We think that much misconception exists as to the extent to which we have, in practice, interfered with trade. Your Excellency's note seems to hold his Majesty's Government responsible for the present condition of trade with neutral countries, and it is stated that, through the action of his Majesty's Government, the products of the great industries of the United States have been denied long-established markets in European countries which, though neutral, are contiguous to the seat of war. Such a result is far from being the intention of his Majesty's Government, and they would exceedingly regret that it should be due to their action.
I have been unable to obtain complete or conclusive figures showing what the state of trade with these neutral countries has been recently, and I can, therefore, only ask that some further consideration should be given to the question whether United States trade with these neutral countries has been so seriously affected. The only figures as to the total volume of trade that I have seen are those for the exports from New York for the month of November, 1914, and they are as follows, compared with the month of November, 1913:
Exports from New York for November, 1913, and November, 1914, respectively: Denmark, $558,000, $7,101,000; Sweden, $377,000, $2,858,000; Norway, $477,000, $2,318,000; Italy, $2,971,000, $4,781,000; Holland, $4,389,000, $3,960,000.
It is true that there may have been a falling off in cotton exports, as to which New York figures would be no guide, but his Majesty's Government have been most careful not to interfere with cotton, and its place on the free list has been scrupulously maintained.

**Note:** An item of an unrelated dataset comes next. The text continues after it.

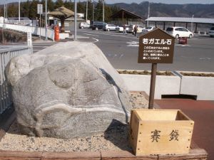 先日旅行に行った時、旅先でこんな物を発見!「若ガエル石」 なんでもこの石に触ると若返り、また無事に帰る事ができると書かれていました。早速、触ってみましたが、ふと下を見ると賽銭箱があるではないですか・・・まあ観光地だからしかたないのかも知れないけどなんかこのカエルが商売繁盛の道具に見えてしまいましたね・・・しかしこんな石、岩?がよくあったものです。ゲロゲ~ロ!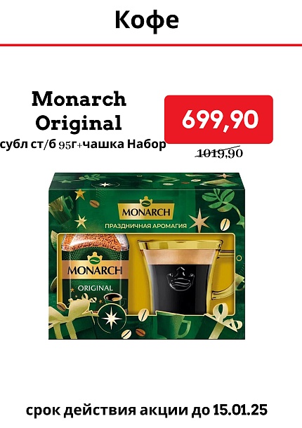 Кофе Monarch Original субл ст/б 95г+чашка Набор

We do not wish to lay too much stress upon incomplete statistics; the figures above are not put forward as conclusive, and we are prepared to examine any further evidence with regard to the state of trade with these neutral countries, which may point to a different conclusion or show that it is the action of his Majesty's Government in particular and not the existence of a state of war and consequent diminution of purchasing power and shrinkage of trade, which is responsible for adverse effects upon trade with the neutral countries.
That the existence of a state of war on such a scale has had a very adverse effect upon certain great industries, such as cotton, is obvious, but it is submitted that this is due to the general cause of diminished purchasing power of such countries as France, Germany, and the United Kingdom rather than to interference with trade with neutral countries. In the matter of cotton it may be recalled that the British Government gave special assistance through the Liverpool Cotton Exchange to the renewal of transactions in the cotton trade of not only the United Kingdom, but of many neutral countries.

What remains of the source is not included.